Leitsatz (amtlich)
Dient ein Bearbeitungsvorgang begünstigten und nicht begünstigten Zwecken, so kommt es darauf an, welchem dieser Zwecke die größere Bedeutung zukommt.
Normenkette
UStG 1934 § 4 Ziff. 4; UStG 1951 § 4 Ziff. 4; UStDB 1951 § 29 Abs. 2 Ziff. 11, § 30 Abs. 1 Ziff. 7
Tatbestand
Die Steuerpflichtige (Stpfl.) stellt ein vom Bundesminister für Ernährung, Landwirtschaft und Forsten genehmigtes und unter der Bezeichnung "Mischfutter aus Weizenkleie und Bierhefe, getrocknet (B.W.)" registriertes Mischfuttermittel her.

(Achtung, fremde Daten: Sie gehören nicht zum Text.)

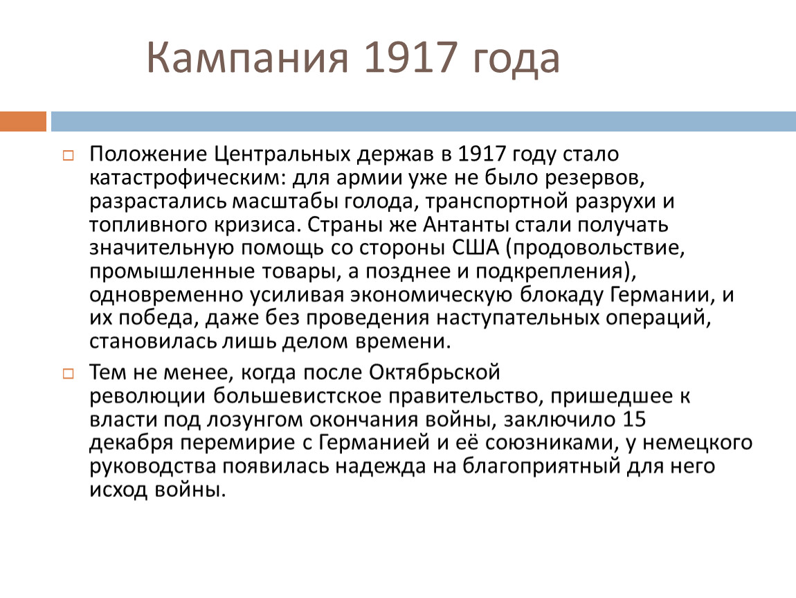 Тем не менее, когда после Октябрьской революции большевистское правительство, пришедшее к власти под лозунгом окончания войны, заключило 15 декабря перемирие с Германией и её союзниками, у немецкого руководства появилась надежда на благоприятный для него исход войны.

Sie erwirbt flüssige Bierhefe, Preßhefe und Weizenkleie. Zunächst werden die flüssige Bierhefe und die Preßhefe in besonderen Behältern gemischt. Dieses Hefegemisch Iäuft durch eine Rohrleitung, in die Weizenkleie eingeführt wird. Dabei entsteht ein feuchtes klumpiges Gemenge aus Hefe und Kleie. Dieses wird über drei Trockenbänder geführt. Unter den beiden ersten Bändern befinden sich Heizkörper; über dem letzten sind vier mit Bürsten versehene Wellen angebracht. Aufgabe der Bürsten ist es, die in der Masse befindlichen Klumpen zu zerteilen und eine möglichst homogene Masse zu schaffen. Von dem Mischer und Trockner läuft die Masse, in der sich noch kleinere, im Innern feuchte Klumpen befinden, durch die Hammermühle, wo sie zerkleinert wird. Die letzte Bearbeitung erfolgt in einem Mischbehälter, in dem sich zwei Mischschnecken befinden. Das fertige mehlartige Produkt wird dann in Säcke abgefüllt und an Futtermittelhersteller verkauft. Das Mischfuttermittel wird von der Stpfl. vorschriftsmäßig verpackt und gekennzeichnet in den Verkehr gebracht.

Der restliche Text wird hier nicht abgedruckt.